I am so sorry and stunned to have just read this upsetting news. Please know that I will keep both of you in my prayers and thoughts. There is a lot of hope for Peg because of the advances that have been made for treatments of pancreatic cancer.


----------



## Max & Rocky

Peg had yet another appointment this last Friday in preparation for an endoscopic ultrasound she is to have this Wednesday. This is basically a probe that goes down through her stomach and out through the lining so they can look at her pancreas and surrounding areas. It will also bring out a tissue sample so they can finally have a definitive word on what this mass is. Cancerous or not though, we are told its size is such that she will be having surgery at some point in the future either way. They have told us they will have the pathology report while we are there in the hospital, so this is the one we are really praying about.

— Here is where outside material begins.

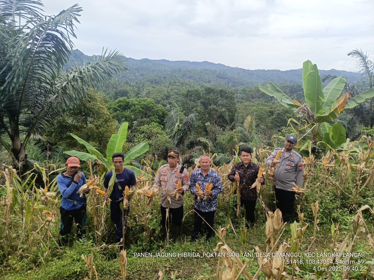 – Upaya memperkuat ketahanan pangan di wilayah Kabupaten Pangandaran kembali mendapat dorongan melalui panen jagung hibrida yang digelar Polsek Langkaplancar bersama unsur Forkopimcam, Kelompok Tani Sari Tani, serta BPPK Kecamatan Langkaplancar pada Kamis (4/12/2025) pagi.Panen berlangsung di lahan seluas 2 hektare yang berlokasi di Datar Pereng, Dusun Ciceuri, Desa Cimanggu, Kecamatan Langkaplancar. Dari total lahan tersebut, 1,5 hektare telah memasuki masa panen dengan estimasi hasil mencapai 1 ton pipil kering. Pendampingan yang dilakukan Polri melalui Polsek Langkaplancar ini menjadi bagian dari implementasi program ketahanan pangan yang tengah digencarkan pemerintah.Kegiatan panen turut dihadiri Camat Langkaplancar Drs. H. Acep Deni Firdaus, S.Sos., Kapolsek Langkaplancar AKP Asep Dadi Mulyawan, Bintara Ketahanan Pangan Brigpol Selmi Kardiana, Operator Ketahanan Pangan Bripda Dimas Heru, perwakilan BPPK Kecamatan Langkaplancar Sdr. Gara, Kepala Desa Cimanggu Sori Somantri, serta anggota Polsek Langkaplancar dan para petani Poktan Sari Tani.Selama kegiatan berlangsung, suasana panen berjalan lancar dan kondusif. Sinergi antara Polri dan kelompok tani ini diharapkan dapat terus berlanjut, sekaligus menjadi dorongan bagi peningkatan produktivitas pertanian dan kesejahteraan petani di wilayah Pangandaran.

Again, we both thank you all from the bottom of our hearts for all of your words of support and prayer.

Stephen and Peg Moore


----------



## triste

I have been anxiously awaiting updates. Please know we continue to think about you and pray for good news...


----------



## 3Maltmom

We're praying like crazy, Steve, and Peg. Praying for good news on Wednesday. 

All our love, and prayers,

Deb and Gang

Hugs to Peg. She is one awesome gal. :grouphug:


----------



## LUCY N PETS

How is Peg feeling otherwise? I will be praying for both of you and continue until you give us the good word that she is ok. rayer: Give Peg a big hug for me. :grouphug:


----------



## Maidto2Maltese

Prayers upon prayers going out that the path report comes back with favorable news!


----------



## maggieh

Continuing prayers for strength, healing and peace. Sweetness and Tessa send their puppy slurps!


----------



## Matilda's mommy

keep your faith Steve and Peg, God's listening to our prayers, he's right beside you. I will continue holding you both up to God, he's the one in control. Thank you Father for being with Peg, may she find rest and comfrot from you. We have a God of miracles and I'm believing in one for you Peg.


----------



## Max & Rocky

QUOTE (LUCY N PETS @ Jul 19 2009, 05:55 PM) index.php?act=findpost&pid=807498


> How is Peg feeling otherwise? I will be praying for both of you and continue until you give us the good word that she is ok. rayer: Give Peg a big hug for me. :grouphug:[/B]


There were a few days neither one of us were in a good place emotionally, but that has passed and she is feeling fine emotionally and physically. Basically, we have done that by denying that it could be cancer. They have her on some high powered medication which has brought her Bilirubin levels down which has caused the itch she was feeling at the start of all of this to also go away. 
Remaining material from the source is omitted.